Representantes das etnias de todo o país, inclusive do Acre, estão em Brasília, desde o início da semana, para protestarem contra o chamado “marco temporal”, que prevê mudanças no processo de reconhecimento e demarcação das terras indígenas no território brasileiro. O movimento é contra também o enfraquecimento das políticas públicas para os indígenas e o medo de reversão, restrição ou perda das conquistas asseguradas pela Constituição Federal de 1988.
Os protestos acontecem na Esplanada dos Ministérios, onde, pelo menos, seis mil manifestantes montaram o acampamento “Luta pela vida”, e aguardam o desenrolar do julgamento de um recurso pelo Supremo Tribunal Federal (STF), que, segundo as lideranças, definirá o futuro das demarcações de terras indígenas no país. A Corte analisa se é constitucional ou não a tese do “marco temporal”.
A acreana Alana Manchineri, comunicadora da Coordenação das Organizações Indígenas da Amazônia Brasileira (Coiab), participa dos atos, em Brasília, e informou que a mobilização continua, até a próxima semana, na expectativa de que o processo, cuja votação estava marcada para esta semana, finalmente seja votado.

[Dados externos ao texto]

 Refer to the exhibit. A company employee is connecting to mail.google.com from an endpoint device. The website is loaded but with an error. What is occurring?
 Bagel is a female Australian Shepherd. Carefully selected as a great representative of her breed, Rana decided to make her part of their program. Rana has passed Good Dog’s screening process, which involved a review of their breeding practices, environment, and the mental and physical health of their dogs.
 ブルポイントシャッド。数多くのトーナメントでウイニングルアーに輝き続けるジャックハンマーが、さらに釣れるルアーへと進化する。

“O julgamento foi adiado, mais uma vez. Agora, para o dia 1, as delegações decidiram permanecer em Brasília para fazer pressão, mobilizados para acompanhar a decisão do Supremo e protestar contra a agenda anti-indígena, no Congresso Nacional e no governo federal.”, disse.

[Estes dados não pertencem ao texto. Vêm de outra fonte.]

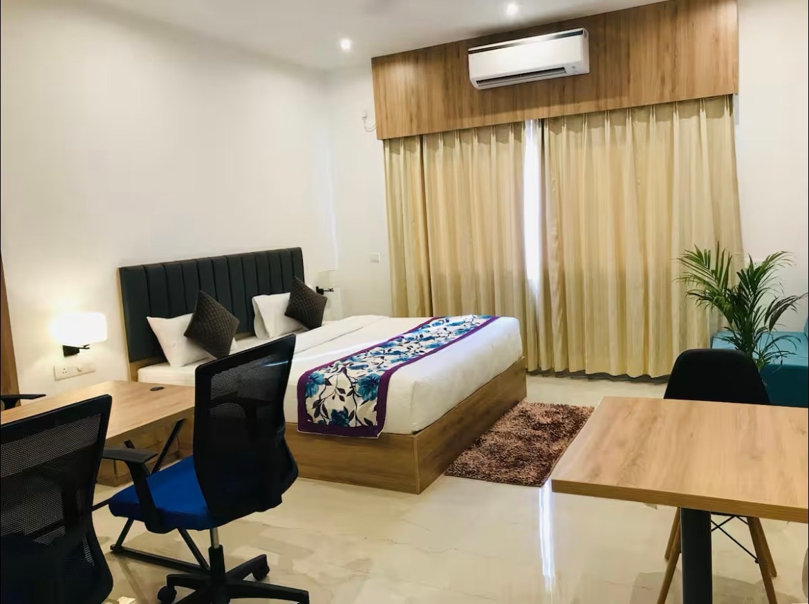 ◆Situated just 2 km from the scenic Fateh Sagar Lake. ◆Elegant 2-BHK apartment offering comfort and style. ◆Living room with an L-shaped sofa and cozy dining space. ◆First bedroom includes a private balcony with beautiful hill views. ◆Second bedroom features a convenient work desk. ◆Serviced by a top-tier 5-star hospitality team.

Ela informou também que, do Acre, participam representantes e lideranças dos povos Shanenawa, Huni Kui, Manchineri, Jamknawa, Kulinas, Yawanawás e Kulina.
Ao todo, estima-se haver que em território acreano, de acordo com a Comissão Pró-índio do Acre (CPI-AC), além dos povos isolados (desconhecidos), pelo menos 15 etnias reconhecidas: Huni Kuĩ (Kaxinawa), Ashaninka, Yawanawa, Puyanawa, Katukina, Nukini, Nawa, Manchineri, Jaminawa Arara, Jaminawa, Kuntanawa, Shanenawa, Shawãdawa, Kulina, Apolima AraraO recurso na pauta de julgamento do STF é de autoria da Fundação Nacional do Índio (Funai) e questiona uma decisão do Tribunal Regional Federal da 4ª Região (TRF-4), que acatou o “marco temporal” que, se julgado procedente, pode ser aplicado em outros processos para definir os critérios para a demarcação de novas terras indígenas.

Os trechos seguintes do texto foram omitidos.